Data extracted from a collection:
+++
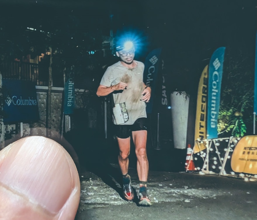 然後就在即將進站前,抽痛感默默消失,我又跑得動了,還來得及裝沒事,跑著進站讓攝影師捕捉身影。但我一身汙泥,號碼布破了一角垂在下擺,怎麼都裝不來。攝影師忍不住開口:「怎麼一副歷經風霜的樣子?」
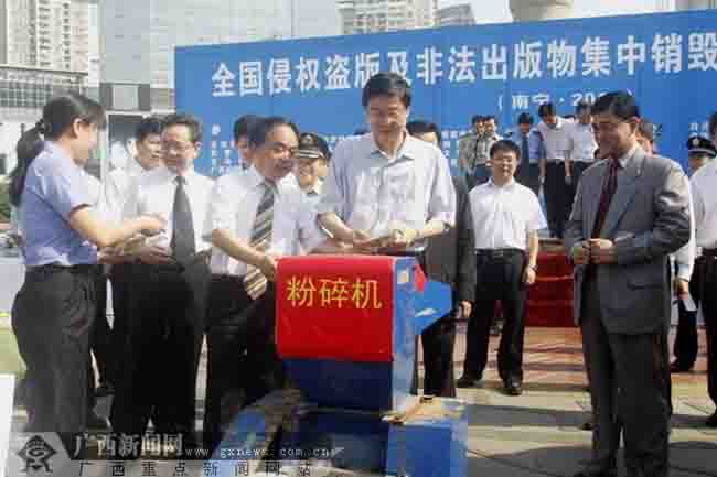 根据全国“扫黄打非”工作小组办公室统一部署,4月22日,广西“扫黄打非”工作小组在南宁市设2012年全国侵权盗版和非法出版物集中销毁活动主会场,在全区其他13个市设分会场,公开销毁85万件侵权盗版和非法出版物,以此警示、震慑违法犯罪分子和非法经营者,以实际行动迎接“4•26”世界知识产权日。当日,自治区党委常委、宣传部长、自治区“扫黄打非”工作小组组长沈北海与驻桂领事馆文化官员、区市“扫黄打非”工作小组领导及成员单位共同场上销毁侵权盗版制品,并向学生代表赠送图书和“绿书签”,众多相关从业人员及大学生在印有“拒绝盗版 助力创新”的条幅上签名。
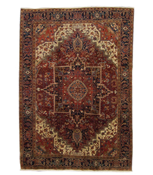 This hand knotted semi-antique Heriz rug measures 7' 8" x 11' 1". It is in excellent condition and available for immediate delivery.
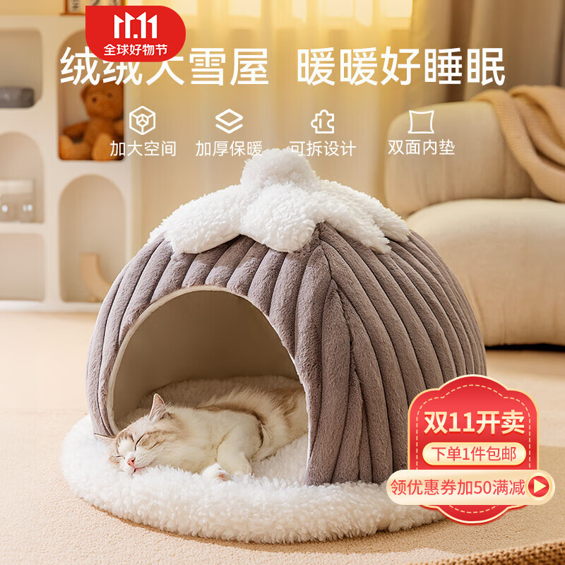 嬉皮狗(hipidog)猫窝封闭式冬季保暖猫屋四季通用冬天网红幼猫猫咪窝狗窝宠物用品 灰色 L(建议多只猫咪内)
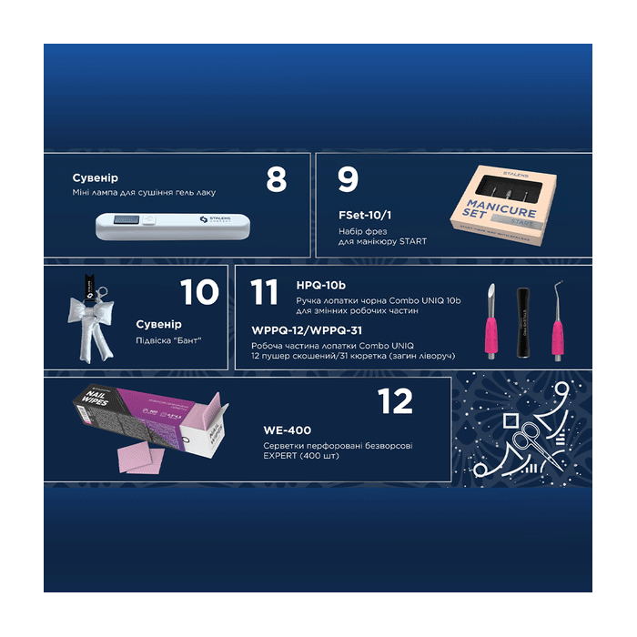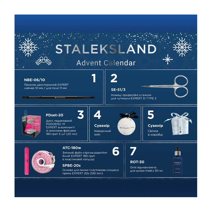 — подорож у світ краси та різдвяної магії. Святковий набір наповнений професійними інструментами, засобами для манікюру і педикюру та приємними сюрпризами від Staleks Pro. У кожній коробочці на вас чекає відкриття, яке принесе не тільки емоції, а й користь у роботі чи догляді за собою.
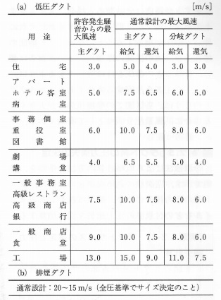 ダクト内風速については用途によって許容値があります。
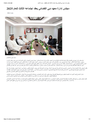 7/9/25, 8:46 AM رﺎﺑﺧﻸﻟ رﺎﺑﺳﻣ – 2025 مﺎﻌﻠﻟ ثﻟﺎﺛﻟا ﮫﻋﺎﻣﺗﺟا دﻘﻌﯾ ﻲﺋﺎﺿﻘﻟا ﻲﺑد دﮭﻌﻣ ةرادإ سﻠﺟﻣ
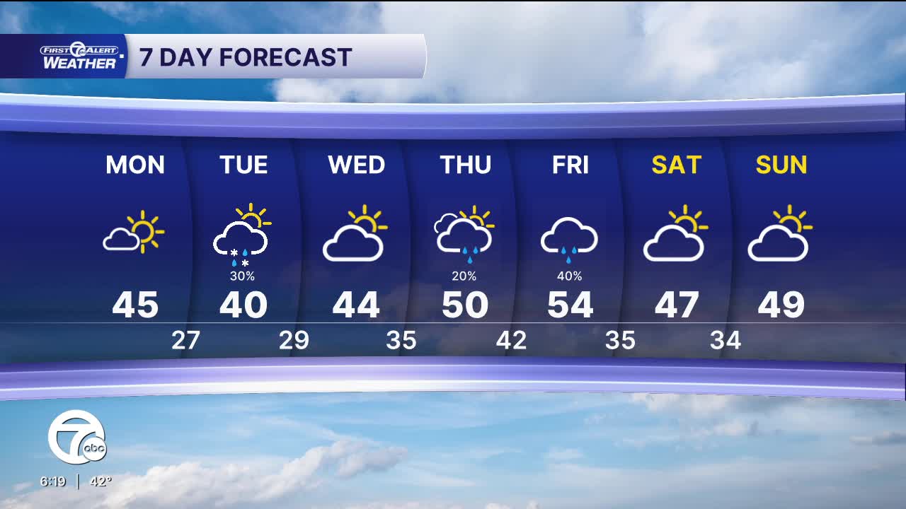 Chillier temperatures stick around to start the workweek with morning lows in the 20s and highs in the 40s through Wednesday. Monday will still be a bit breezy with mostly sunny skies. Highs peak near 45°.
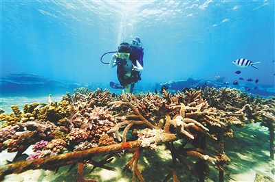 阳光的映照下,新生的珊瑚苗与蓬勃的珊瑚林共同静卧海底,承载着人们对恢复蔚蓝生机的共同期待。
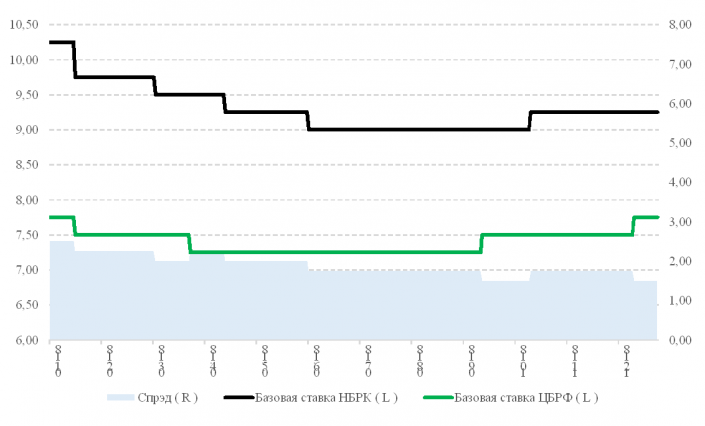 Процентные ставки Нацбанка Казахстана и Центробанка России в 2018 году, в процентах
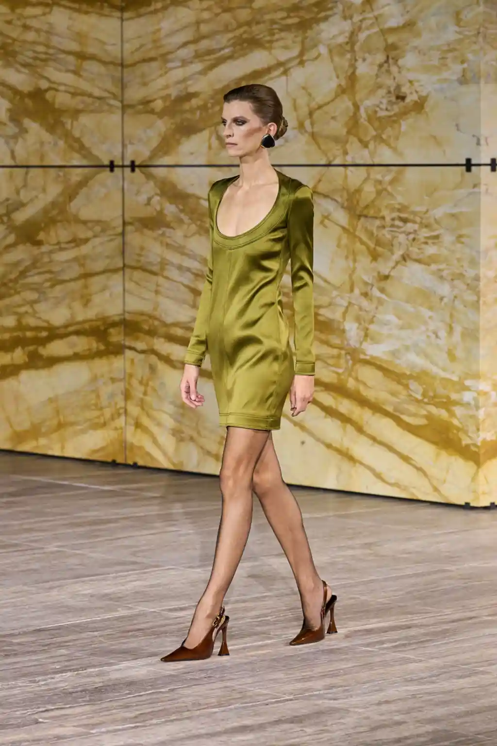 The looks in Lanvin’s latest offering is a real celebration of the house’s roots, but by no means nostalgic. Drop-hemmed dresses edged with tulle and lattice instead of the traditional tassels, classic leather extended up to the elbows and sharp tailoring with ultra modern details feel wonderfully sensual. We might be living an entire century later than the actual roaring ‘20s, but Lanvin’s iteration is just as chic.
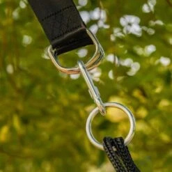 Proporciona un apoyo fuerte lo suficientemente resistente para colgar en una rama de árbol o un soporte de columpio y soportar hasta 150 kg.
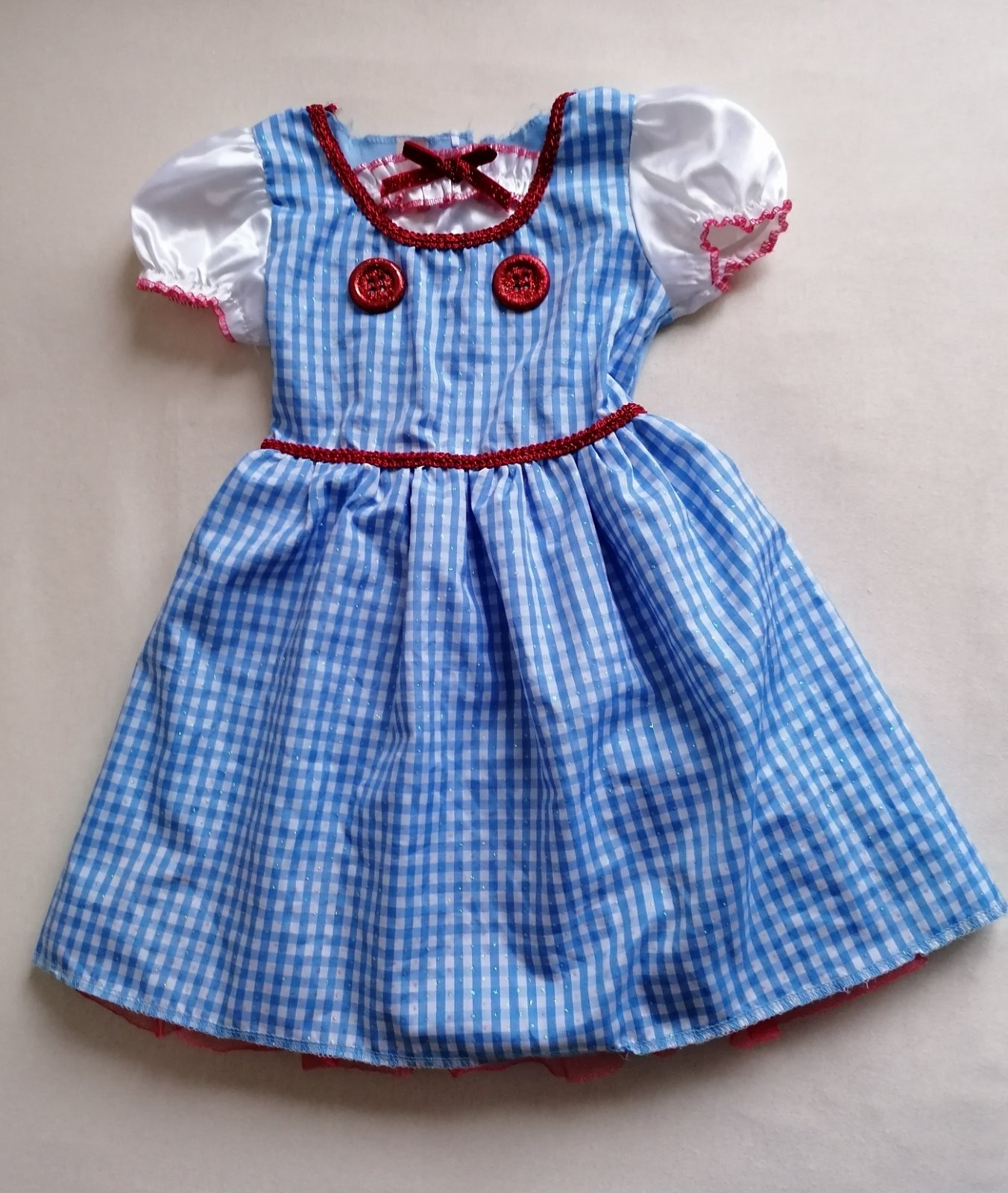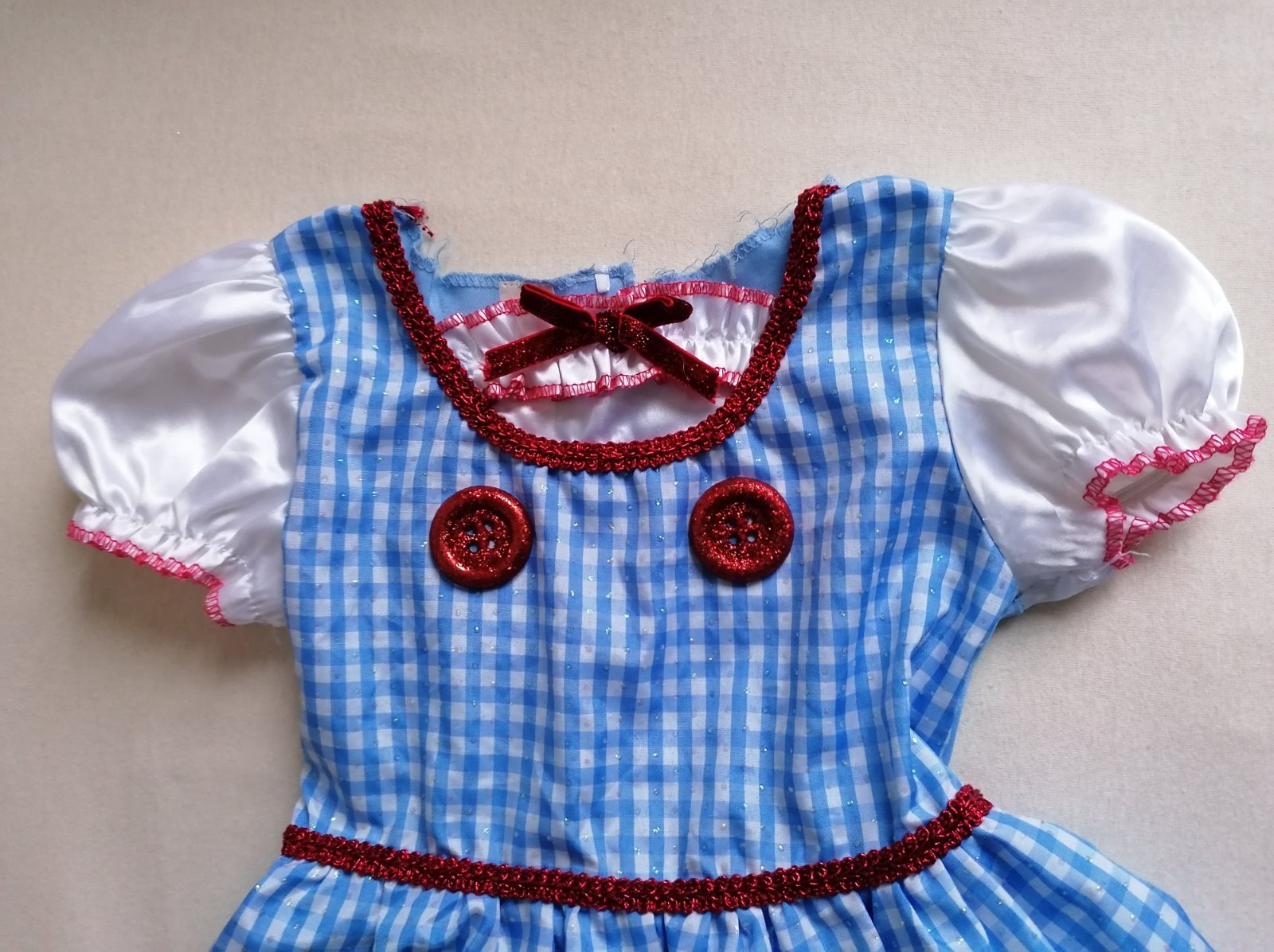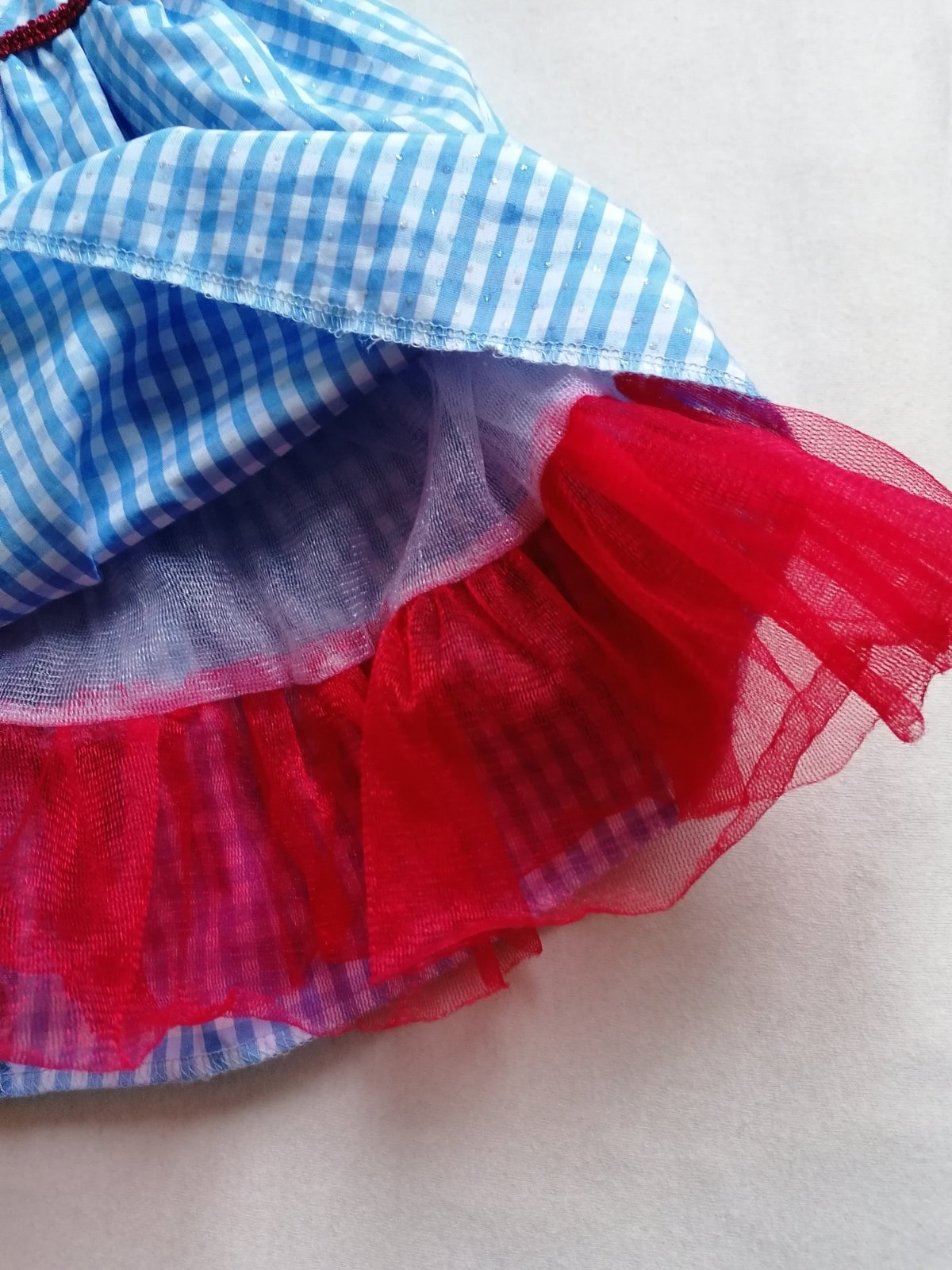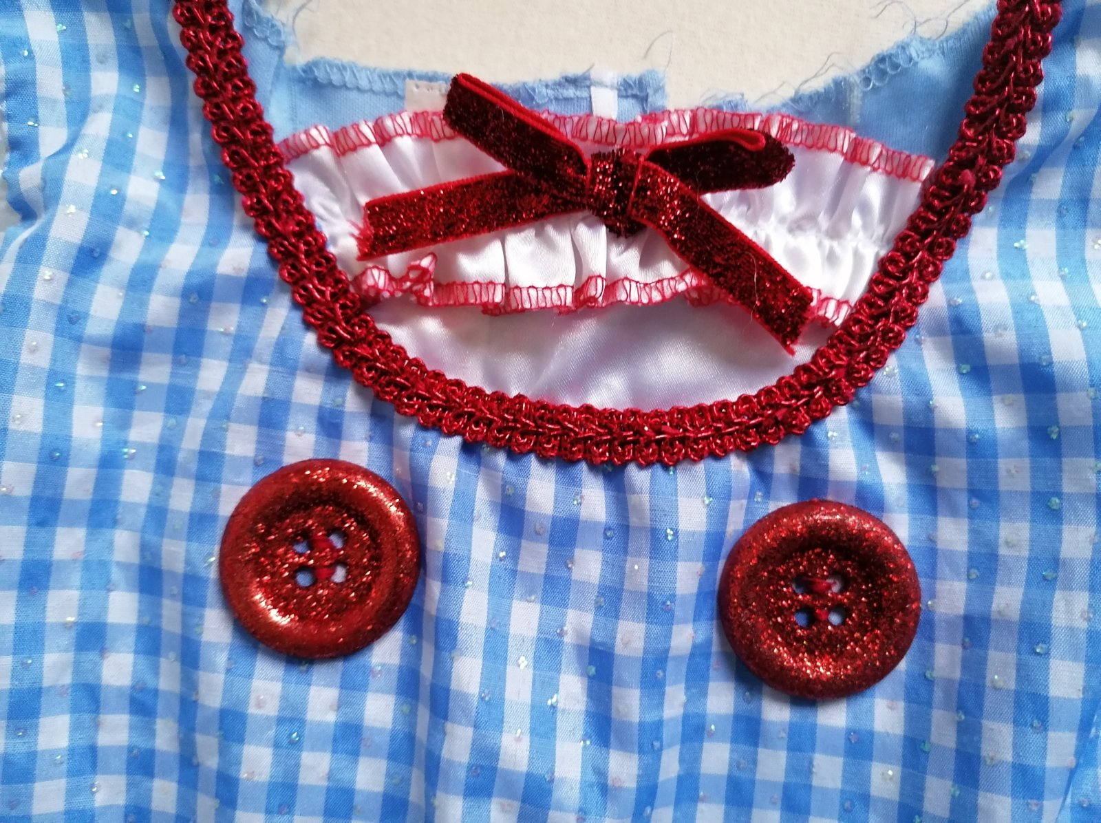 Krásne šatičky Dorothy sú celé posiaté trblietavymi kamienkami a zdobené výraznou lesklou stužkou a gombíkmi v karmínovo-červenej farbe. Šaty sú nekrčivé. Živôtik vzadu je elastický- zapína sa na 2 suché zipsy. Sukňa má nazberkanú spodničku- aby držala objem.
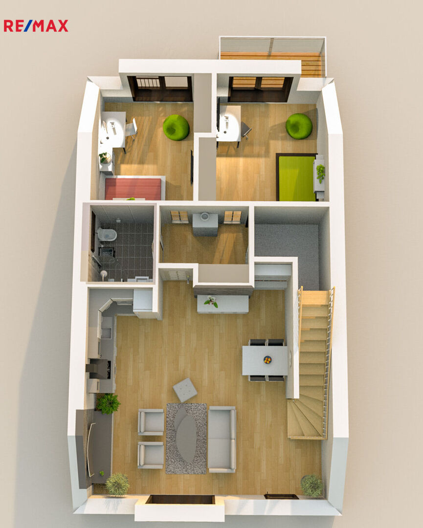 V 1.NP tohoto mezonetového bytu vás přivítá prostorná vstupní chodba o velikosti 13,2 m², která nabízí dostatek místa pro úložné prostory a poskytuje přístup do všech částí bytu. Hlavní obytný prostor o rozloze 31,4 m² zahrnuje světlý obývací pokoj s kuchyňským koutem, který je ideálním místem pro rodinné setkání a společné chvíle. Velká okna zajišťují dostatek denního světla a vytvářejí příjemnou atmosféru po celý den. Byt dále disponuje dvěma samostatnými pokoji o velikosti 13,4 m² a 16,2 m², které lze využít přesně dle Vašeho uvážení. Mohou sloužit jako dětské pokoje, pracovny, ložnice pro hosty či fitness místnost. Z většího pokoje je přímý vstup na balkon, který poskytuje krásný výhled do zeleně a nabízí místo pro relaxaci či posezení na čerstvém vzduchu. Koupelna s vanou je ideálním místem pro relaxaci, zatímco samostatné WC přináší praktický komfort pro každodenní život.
+++
* _WORK INSTRUCTION_
Here the job is to copy the stretch of records from the line containing "The looks in" through the line containing "Krásne šatičky Dorothy", word for word. Leave every picture out.

* _ANSWER AREA_
 The looks in Lanvin’s latest offering is a real celebration of the house’s roots, but by no means nostalgic. Drop-hemmed dresses edged with tulle and lattice instead of the traditional tassels, classic leather extended up to the elbows and sharp tailoring with ultra modern details feel wonderfully sensual. We might be living an entire century later than the actual roaring ‘20s, but Lanvin’s iteration is just as chic.
 Proporciona un apoyo fuerte lo suficientemente resistente para colgar en una rama de árbol o un soporte de columpio y soportar hasta 150 kg.
 Krásne šatičky Dorothy sú celé posiaté trblietavymi kamienkami a zdobené výraznou lesklou stužkou a gombíkmi v karmínovo-červenej farbe. Šaty sú nekrčivé. Živôtik vzadu je elastický- zapína sa na 2 suché zipsy. Sukňa má nazberkanú spodničku- aby držala objem.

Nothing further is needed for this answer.